In one embodiment, the granules increase pasture dry matter production by at least about 10, 15, 20, 25, 30, 35, 40, 45, 50, 55, 60, 65, 70, 75, 80, 85, 90, 95 or 100%, and useful ranges may be selected between any of these values (for example, about 10 to about 95, about 10 to about 90, about 10 to about 80, about 10 to about 70, about 10 to about 60, about 10 to about 55, about 10 to about 40, about 10 to about 30, about 10 to about 20, about 15 to about 90, about 15 to about 80, about 15 to about 60, about 15 to about 50, about 20 to about 100, about 20 to about 90, about 20 to about 85, about 20 to about 80, about 20 to about 75, about 20 to about 60, about 20 to about 55, about 20 to about 40, about 25 to about 100, about 25 to about 80, about 25 to about 75, about 25 to about 60, about 25 to about 55, about 25 to about 40, about 30 to about 100, about 30 to about 90, about 30 to about 80, about 30 to about 70, about 30 to about 60, about 30 to about 50, about 40 to about 100, about 40 to about 95, about 40 to about 85, about 40 to about 65, about 40 to about 60, about 40 to about 55, about 50 to about 100, about 50 to about 80, about 50 to about 70, about 50 to about 60, about 60 to about 100, about 60 to about 85, about 60 to about 75, about 75 to about 100, about 75 to about 80, about 85 to about 100, about 85 to about 90 or about 90 to about 100%).

The granular fertiliser can be spread onto soil, pasture, crops, arable land in accordance with known application methods. For example, the granular fertiliser can be loaded into a vehicle mounted hopper and distributed onto the soil. Spraying, blowing and spinning are commonly used methods of distributing granular compositions, and spinner trucks and blower trucks, as are commonly used in the art, are convenient vehicles to distribute the compositions and granules of the invention. Application by side dressing could also be carried out. It should be appreciated that aerial spraying could also be used. In one embodiment the exemplary method of applying the granules or compositions of the invention is to spray or distribute the granules by handgun or commercial airblast, for example using air-drilling or other pneumatic techniques.

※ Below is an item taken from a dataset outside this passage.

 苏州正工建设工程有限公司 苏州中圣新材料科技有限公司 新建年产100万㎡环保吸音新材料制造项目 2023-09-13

The granules could also be applied to the soil by subsurface application. Standard processes could be used as known in the art, such as drilling and air-drilling.

In one embodiment application of irrigation water follows application of the plant hormone-coated urea granule to the soil. It should be appreciated that rain subsequent to the granular fertiliser soil application may also be sufficient to disperse the granular fertiliser into the soil.

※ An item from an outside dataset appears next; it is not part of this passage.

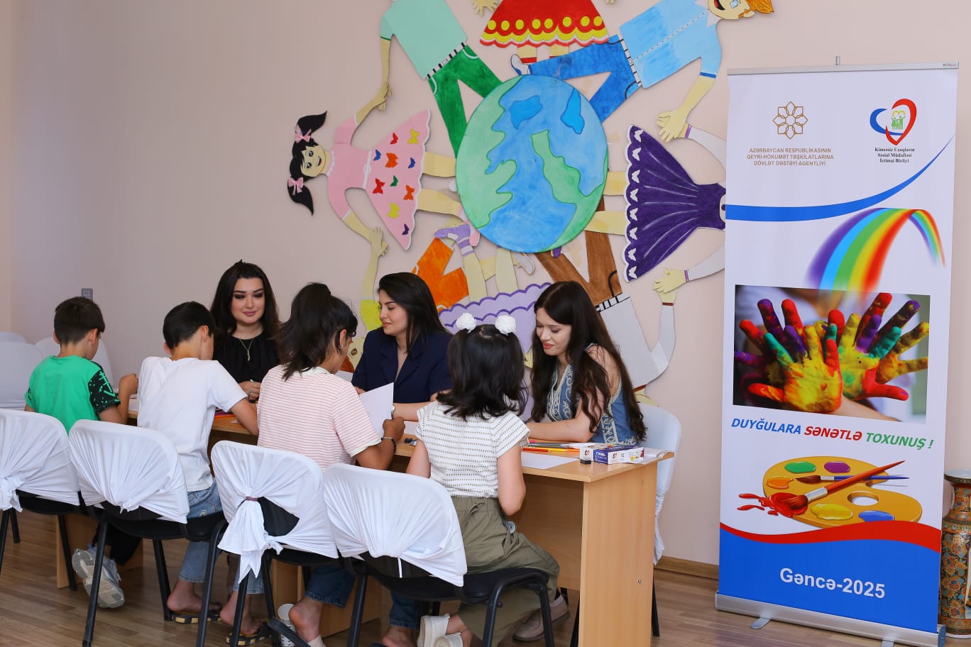Azərbaycan Respublikasının Qeyri-Hökumət Təşkilatlarına Dövlət Dəstəyi Agentliyinin maliyyə dəstəyi ilə "Kimsəsiz Uşaqların Sosial Müdafiəsi" İctimai Birliyi tərəfindən icrasına başlanılmış "Sənət və duyğu harmoniyasının təbliği" adlı layihə çərçivəsində Gəncə şəhərində, Sosial Xidmətlər Agentliyinin 4 saylı Uşaq Evi Sosial Xidmət müəssisəsində valideyn himayəsindən məhrum olmuş uşaqlarla ilk art-terapiya məqsədli rəsm kursu baş tutdu. "Duyğulara sənətlə toxunuş" şüarı ilə həyata keçirilən bu sosial layihənin əsas benefisiarları 7-17 yaş arası, 8 nəfər uşaq və yeniyetmələr olacaq. Layihənin rəhbəri "Kimsəsiz Uşaqların Sosial Müdafiəsi" İctimai Birliyinin sədri Lamiyə İsazadədir. Layihənin psixoloqu "Serotonin" neyropsixoloji mərkəzin psixoloqu Alsu Süleymanova, layihənin rəsm müəllimi, Gəncə Dövlət Universitetinin müəllimi Nəzrin Ağayevadır.

5. Use of the Fertiliser Granule

The granules of the present invention are suitable for providing fertilizer to any plants, or to any locus in which a plant is or is to be grown. Application to agriculturally important plants, such as pasture, horticultural plants, flowers, cropping plants, such as vegetables including brassicas, cucubits, and legumes,cereals, fruits, etc, are particularly contemplated.

Advantages of the fertiliser granule of the present invention include

• • ease of manufacture
  • ease of handling, and
  • ease of application.

In relation to the ease of manufacture, the manufacture of granules produces less dust compared to the manufacture of a powder.

The applicants believe, without wishing to be bound by any theory, that in comparison to a liquid formulation, the shelf life of a granule is improved, potentially around twice as long compared to a liquid formulation. Additionally, in terms of application, there is an advantage of granule application over liquid, at least in part because there is no need to transport water or large volumes of liquid.

The invention has particular application to plants and plant products, either pre- or post-harvest. For example, the composition of the invention may be applied to stored products of the type listed above including fruits, vegetables, cut flowers and seeds. Suitable application techniques encompass those identified above, particularly spraying, blowing, spinning or pneumatic application.

The compositions and granules of the invention can be used to treat or pretreat soils or seeds. The compositions and granules of the invention also find use in plant processing materials such as protective coatings, boxes and wrappers.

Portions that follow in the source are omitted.